EXERCISE ->
For this exercise, repeat exactly the lines below starting at the line holding "新華社記者 檀易曉 攝" and ending at the line holding "Contoh Rumusan Masalah", both included, with no extra lines and no pictures.

PROVIDED RECORDS ->
▼▼▼

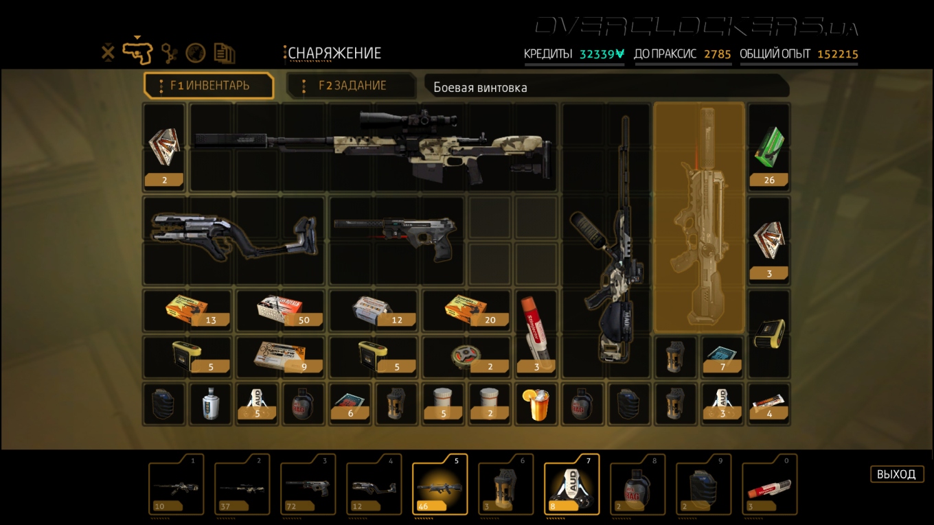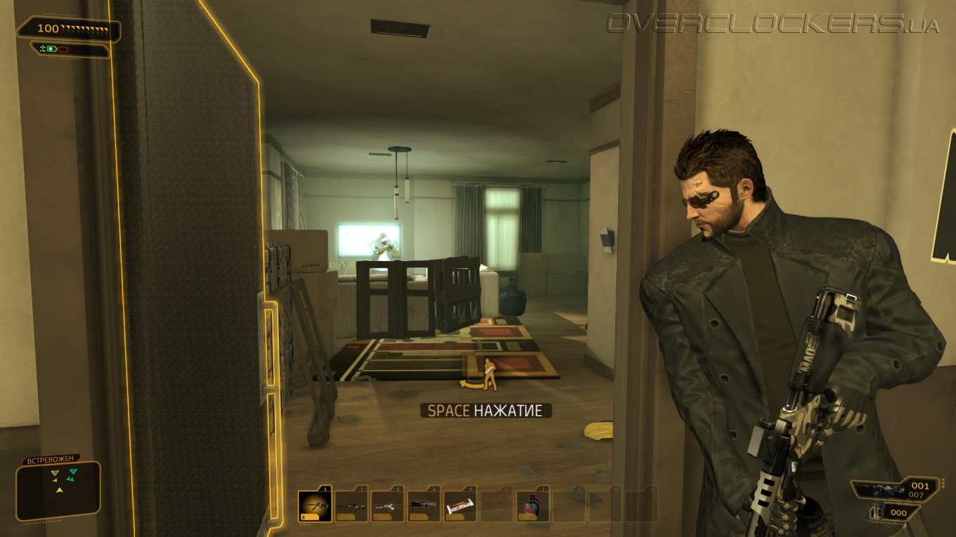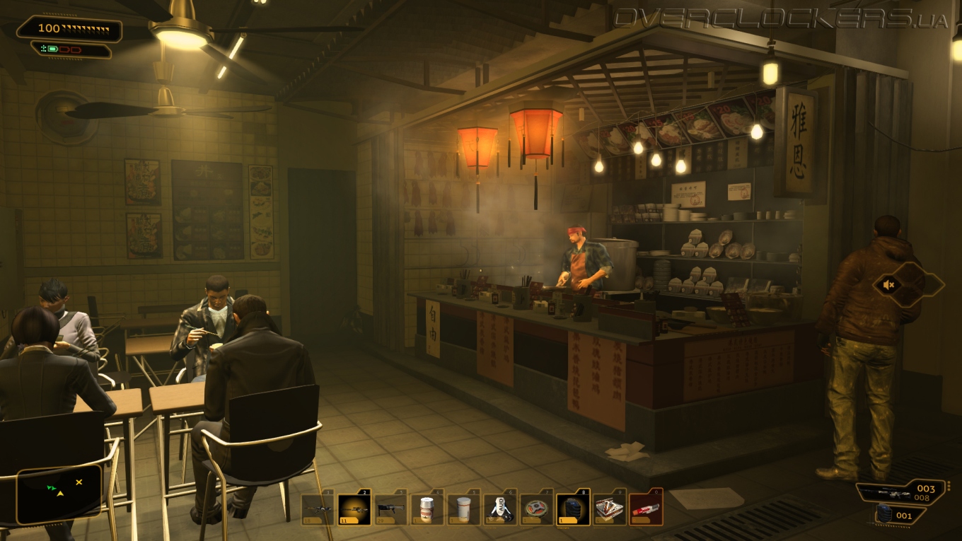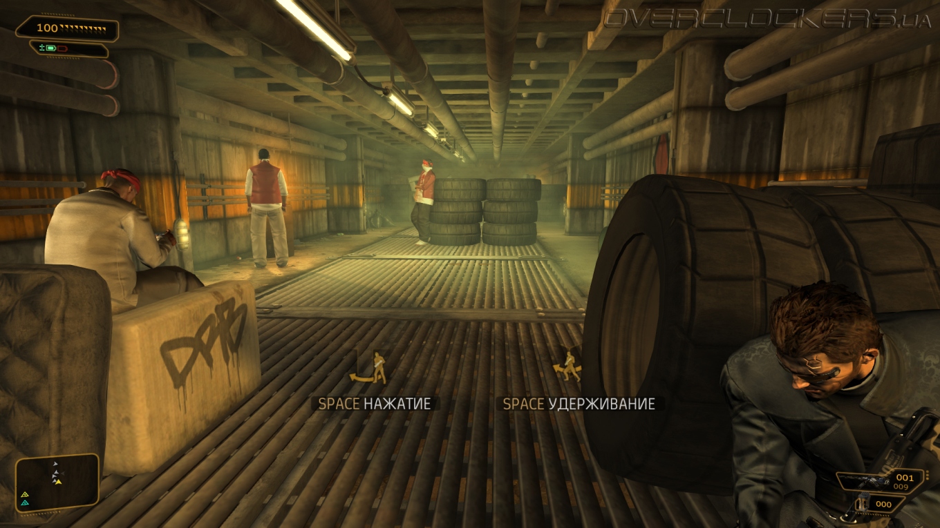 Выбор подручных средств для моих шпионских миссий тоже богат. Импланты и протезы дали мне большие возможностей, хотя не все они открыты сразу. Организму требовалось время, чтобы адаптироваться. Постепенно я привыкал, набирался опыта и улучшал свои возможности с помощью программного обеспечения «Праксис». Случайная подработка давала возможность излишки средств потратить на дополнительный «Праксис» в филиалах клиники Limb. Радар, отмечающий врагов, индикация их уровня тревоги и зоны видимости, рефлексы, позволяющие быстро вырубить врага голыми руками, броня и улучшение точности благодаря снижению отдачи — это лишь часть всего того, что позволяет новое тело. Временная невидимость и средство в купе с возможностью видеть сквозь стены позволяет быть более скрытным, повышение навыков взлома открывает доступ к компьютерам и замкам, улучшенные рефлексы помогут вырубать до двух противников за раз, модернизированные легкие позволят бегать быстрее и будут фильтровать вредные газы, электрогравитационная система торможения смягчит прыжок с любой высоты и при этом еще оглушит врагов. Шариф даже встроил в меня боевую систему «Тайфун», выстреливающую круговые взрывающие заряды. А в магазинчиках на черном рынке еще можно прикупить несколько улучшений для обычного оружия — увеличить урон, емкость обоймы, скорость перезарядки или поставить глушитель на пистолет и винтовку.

▲▲▲
▼▼▼

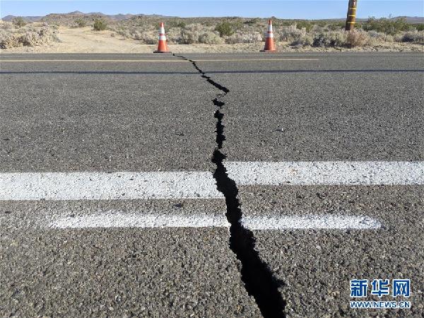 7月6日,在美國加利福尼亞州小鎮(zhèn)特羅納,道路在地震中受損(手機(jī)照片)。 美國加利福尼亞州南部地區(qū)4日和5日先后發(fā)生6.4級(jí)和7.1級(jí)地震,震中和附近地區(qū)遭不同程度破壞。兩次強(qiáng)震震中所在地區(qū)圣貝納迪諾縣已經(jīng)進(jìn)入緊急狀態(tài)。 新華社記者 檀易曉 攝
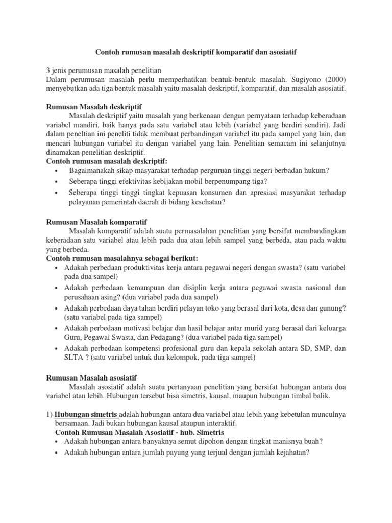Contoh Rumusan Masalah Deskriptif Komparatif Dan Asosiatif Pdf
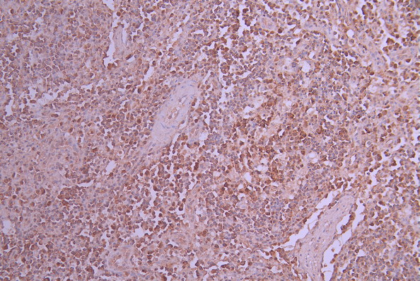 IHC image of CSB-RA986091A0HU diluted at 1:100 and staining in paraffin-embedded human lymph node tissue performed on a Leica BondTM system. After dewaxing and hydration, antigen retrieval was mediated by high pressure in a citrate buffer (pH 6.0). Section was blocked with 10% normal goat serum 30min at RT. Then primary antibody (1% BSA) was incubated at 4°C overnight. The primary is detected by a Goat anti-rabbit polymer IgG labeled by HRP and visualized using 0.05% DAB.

▲▲▲
▼▼▼

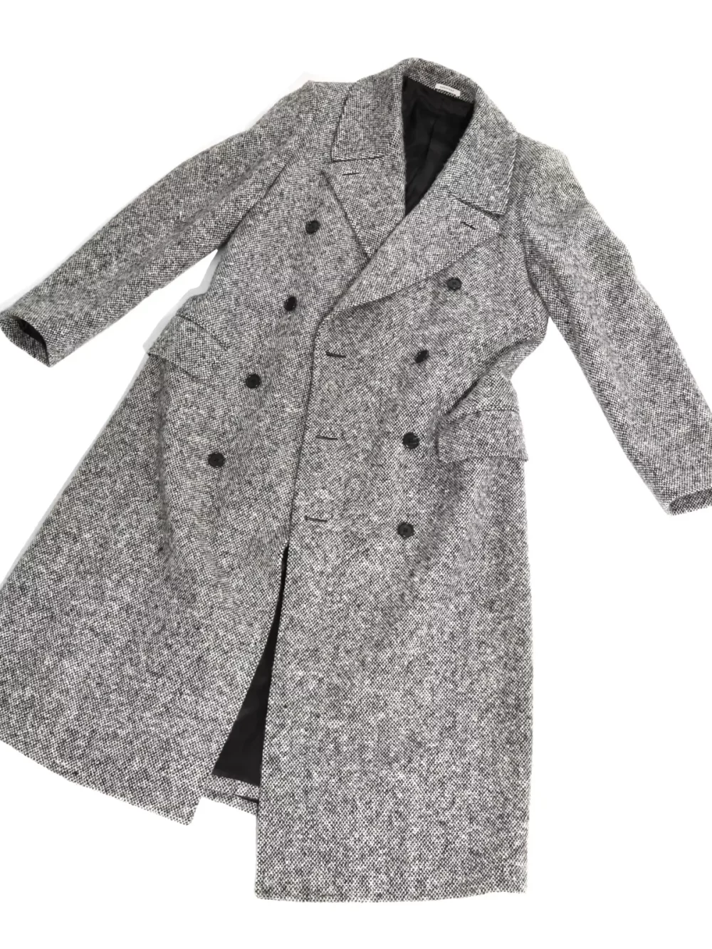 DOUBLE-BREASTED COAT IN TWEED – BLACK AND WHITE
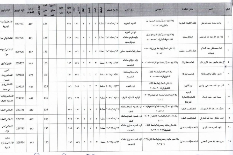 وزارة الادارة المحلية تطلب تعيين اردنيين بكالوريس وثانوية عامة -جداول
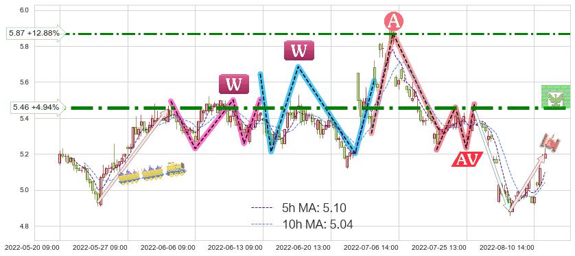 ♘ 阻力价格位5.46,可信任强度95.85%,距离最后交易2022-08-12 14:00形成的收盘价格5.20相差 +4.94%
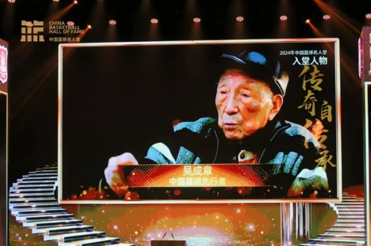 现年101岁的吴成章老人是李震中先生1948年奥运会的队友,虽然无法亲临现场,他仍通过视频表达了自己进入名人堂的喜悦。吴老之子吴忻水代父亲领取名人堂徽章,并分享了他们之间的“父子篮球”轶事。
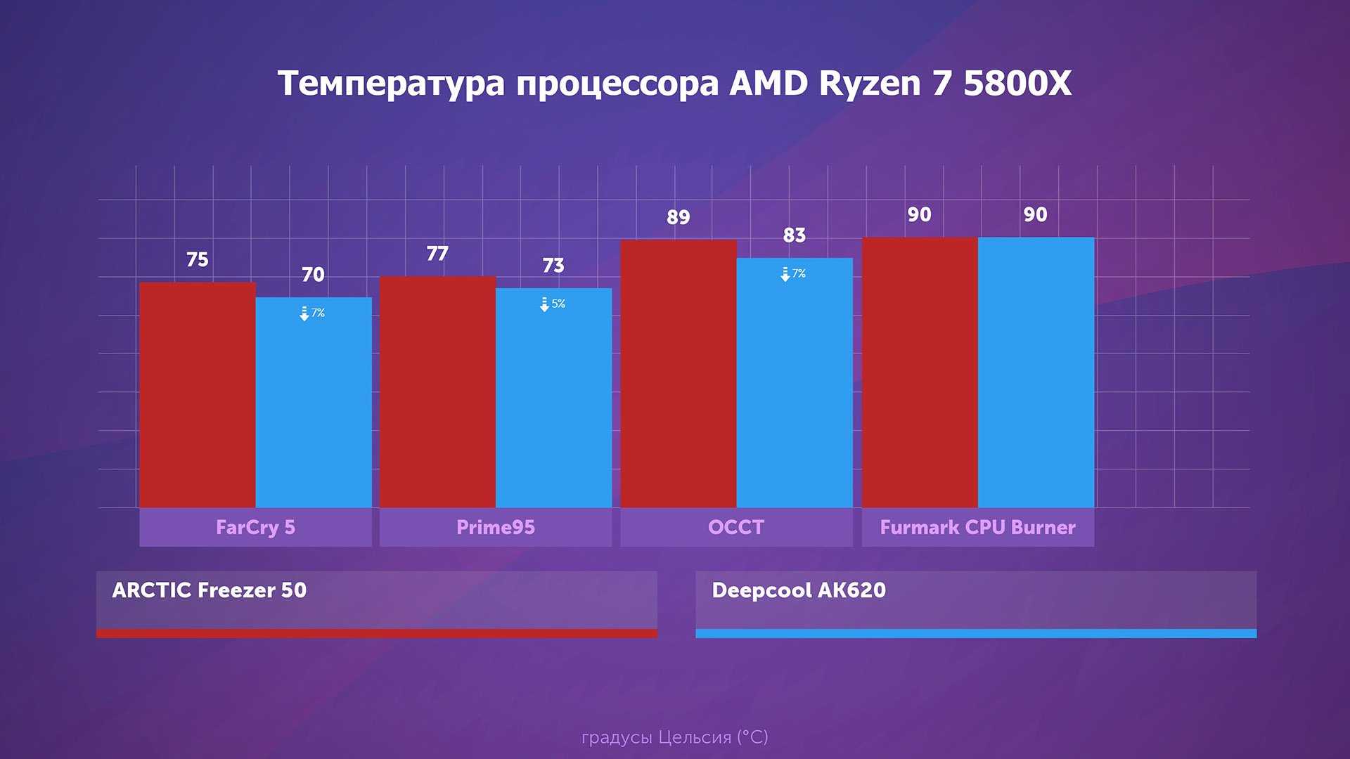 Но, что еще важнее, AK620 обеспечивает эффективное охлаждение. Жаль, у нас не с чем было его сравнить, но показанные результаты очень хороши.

▲▲▲

EXPECTED ANSWER ->
 7月6日,在美國加利福尼亞州小鎮(zhèn)特羅納,道路在地震中受損(手機(jī)照片)。 美國加利福尼亞州南部地區(qū)4日和5日先后發(fā)生6.4級(jí)和7.1級(jí)地震,震中和附近地區(qū)遭不同程度破壞。兩次強(qiáng)震震中所在地區(qū)圣貝納迪諾縣已經(jīng)進(jìn)入緊急狀態(tài)。 新華社記者 檀易曉 攝
Contoh Rumusan Masalah Deskriptif Komparatif Dan Asosiatif Pdf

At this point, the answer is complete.